Two weeks ago I witnessed and intervened in an unacceptable act of verbal aggression perpetrated on a public trail. This week I encountered another incident of normalized violence at Murr Sports Park, involving cruelty to animals. Seems I’m in activist mode- -no flashy cape, just cloaked in a blanket of outrage against the lack of kindness in our modern world.


It was boys again, of course.


And there were about a half-dozen of them, Lily, so I’m lucky they were small. Let me back up and explain.


Murr Sports Park is a popular place to walk in Walla Walla. The “loop” encircles a baseball field where the Walla Walla High School teams compete at home, and another large, grassy area that seasonally becomes one or more soccer fields. Yellowhawk Creek runs along the NW edge of the path. The loop is .75 miles and is mostly used by walkers, with or without dogs.


This time of year, foot traffic is heaviest before 10 AM when, frankly, it gets too hot for most of us to seek voluntary outdoor exertion. For me, it’s one of several handy neighborhood routes. My usual walk there is a brisk 5 laps, approximately 55 minutes.


Just thinking about it makes me sweat.


Or freeze if we go there in winter, 9. More about Mur here:


I was heading into my third lap Monday morning, minding my own brisk business with periodic greetings to the walkers I passed, especially complimentary observations about dogs who were taking exercise with their people. Coming into the bend near the baseball field, I noted one adult person, female, pushing a small person in a stroller with roughly a dozen other small people capering in a pod around them.


Tell me, gentle reader, what about this charming scene would cause the Accidental Activist to rise?

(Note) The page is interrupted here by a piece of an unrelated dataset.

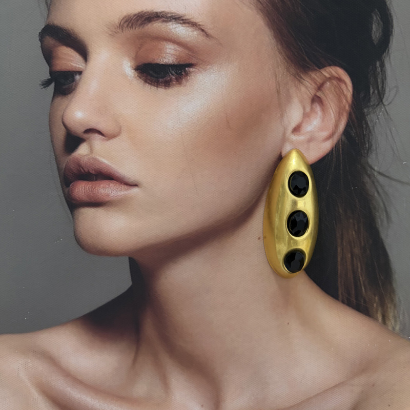 欧美小众设计复古亮面金属几何方形水滴耳环轻奢个性时尚精致耳饰

Here’s a clue: no one who knows you would ever, EVER throw a rock at an animal in your presence.

Especially at a cat!


Right on both counts, Lily and 9! Two boys, average age 5, each grabbed a fistful of decorative rocks from a landscaped bed and started pelting them viciously at an orange tabby who, for reasons known only to itself, was trotting alongside the human menagerie. Fortunately, their aim sucked, but that was far from the point.

This scene appears innocent, but Monday it required a visit from the Accidental Activist!

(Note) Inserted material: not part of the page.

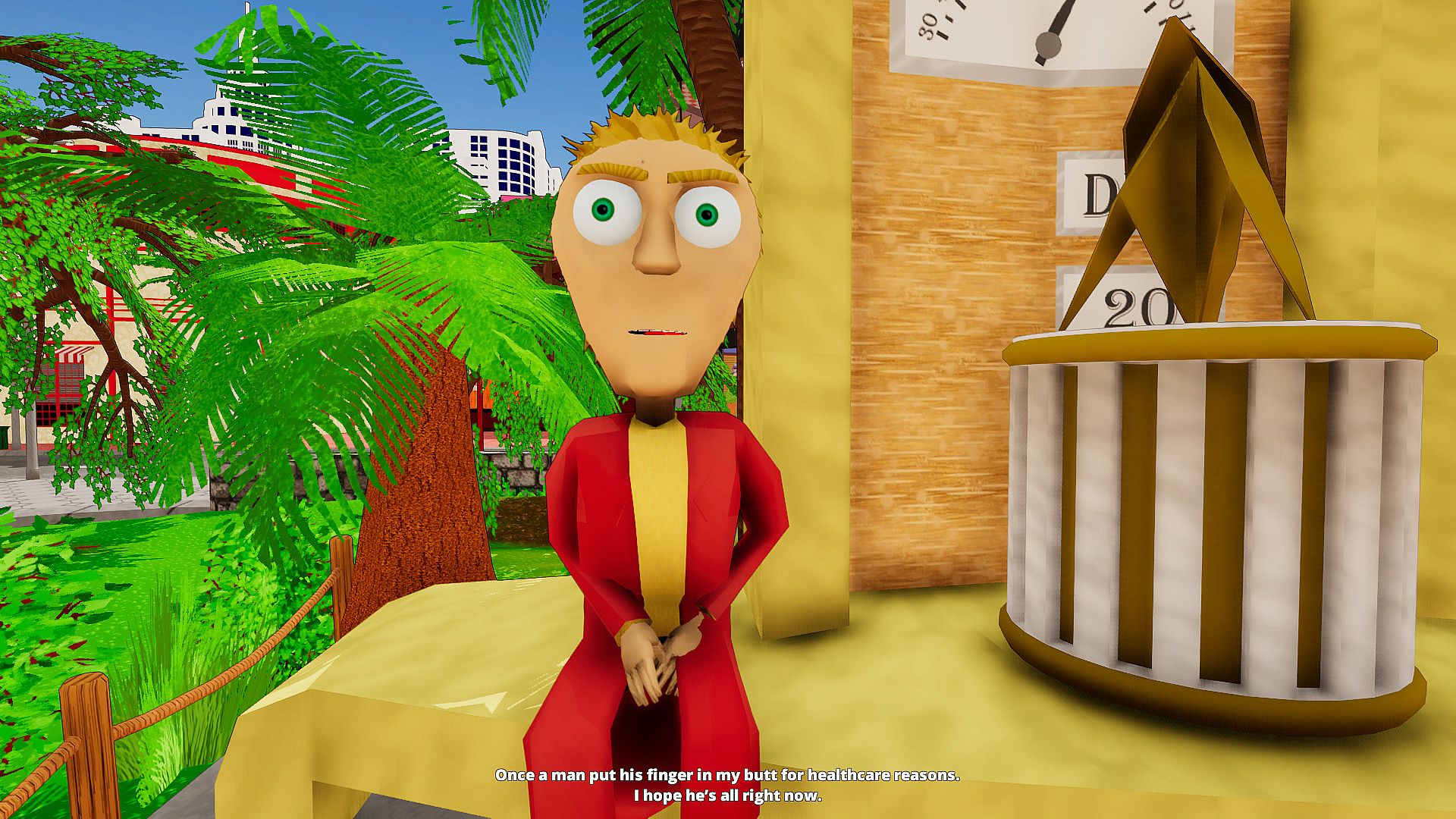 Solar Panic is a first-person comedy adventure game. Wake up as Durwood Champney, a sarcastic douche with a vendetta for early morning traffic and follow a true story that we made up. Explore exotic places filled with funny and/or stupid encounters and experience the story of a hungover ex-secret agent. A bit like James Bond without all the coolness and classiness.

The adult who was attempting to herd them said “Don’t do that, boys,” her voice weary. The little girls hovered near the woman, looking on in wide-eyed horror.

Deploying my super powers, my right index finger practically flew from the end of my extended arm and pointed at the culprits.

“Do NOT throw rocks at that cat! Do NOT throw rocks at that cat! Animals have feelings, too.  I never, EVER, want to see any of you throw rocks at any animal, ever again!”

The two who’d scooped up more ammo dropped it while shooting me a sneer. Even in my rage I could see that the other boys, though poised to join in, were mere hangers-on.

The woman in charge smiled weakly and mouthed a silent Thank you. I continued my walk. The next time I passed them on the loop the group was resting in the shade. I planned to pass them with a smile and a nod but the woman said, “Excuse me, we are having a conversation about what happened and it seems that we’ve decided no one was throwing rocks.” The boys, who had taken possession of the one available bench, shot me a choral look of innocence.

“Can you tell me who you saw throwing rocks?”

This presented a moral dilemma. If the Accidental Activist is a force for good, can she also be a snitch?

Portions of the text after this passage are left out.